* **Recorded data**
((
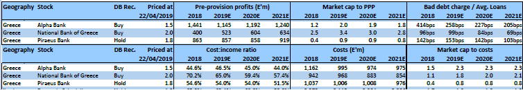 Για την Τράπεζα Πειραιώς, η Deutsche Bank προβλέπει ότι το αναπροσαρμοσμένο P/E αναμένεται να διαμορφωθεί στο 6,6 φέτος και στο 3 το 2021 ενώ η σχέση τιμής προς λογιστική αξία εκτιμάται στο 0,13 το 2021.
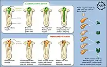 The female sporophyte must recognize the pollen stuck to the stigma. Often, only pollen of the same species can successfully grow. Outcrossed pollen grows more successfully.[8][9] With self-incompatibility systems, outcrossed pollen grows and outcompetes self pollen. The interaction between the style and the pollen detects compatibility and influences growth rate of the pollen tube.[10] This selection process relies on gene level regulation in which gene loci of the gynoecium allow either self pollen to slowly grow, stop growing or burst while faster growth of outcrossed pollen occurs. Self-incompatibility systems maintain genetic diversity.[11][12] As for gymnosperms, they do not contain a pistil with a stigma. Therefore, pollen must submerge into the pollination droplet, bringing the male gametophyte to the egg of the exposed ovule. However, pollen of different species will not submerge into the droplet; the pollen is left floating on top, while the droplet retracts back into the micropyle.[13]
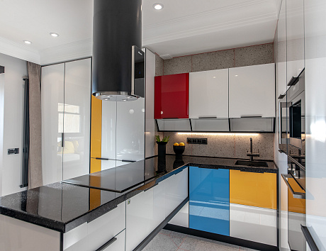 • Свет и цвет! Чем меньше пространства, тем выгоднее использовать светлые фасады и хорошее освещение. А если хочется чего-нибудь оригинального, то пусть фасады будут светлыми, а кромки – чёрными! Например, как в «Мондриане» или «Ханне Блэк»!
))
* **Task item**
What you hand back should match the listing exactly, except that no pictures appear.

* **Solution for this exercise**
 Για την Τράπεζα Πειραιώς, η Deutsche Bank προβλέπει ότι το αναπροσαρμοσμένο P/E αναμένεται να διαμορφωθεί στο 6,6 φέτος και στο 3 το 2021 ενώ η σχέση τιμής προς λογιστική αξία εκτιμάται στο 0,13 το 2021.
 The female sporophyte must recognize the pollen stuck to the stigma. Often, only pollen of the same species can successfully grow. Outcrossed pollen grows more successfully.[8][9] With self-incompatibility systems, outcrossed pollen grows and outcompetes self pollen. The interaction between the style and the pollen detects compatibility and influences growth rate of the pollen tube.[10] This selection process relies on gene level regulation in which gene loci of the gynoecium allow either self pollen to slowly grow, stop growing or burst while faster growth of outcrossed pollen occurs. Self-incompatibility systems maintain genetic diversity.[11][12] As for gymnosperms, they do not contain a pistil with a stigma. Therefore, pollen must submerge into the pollination droplet, bringing the male gametophyte to the egg of the exposed ovule. However, pollen of different species will not submerge into the droplet; the pollen is left floating on top, while the droplet retracts back into the micropyle.[13]
 • Свет и цвет! Чем меньше пространства, тем выгоднее использовать светлые фасады и хорошее освещение. А если хочется чего-нибудь оригинального, то пусть фасады будут светлыми, а кромки – чёрными! Например, как в «Мондриане» или «Ханне Блэк»!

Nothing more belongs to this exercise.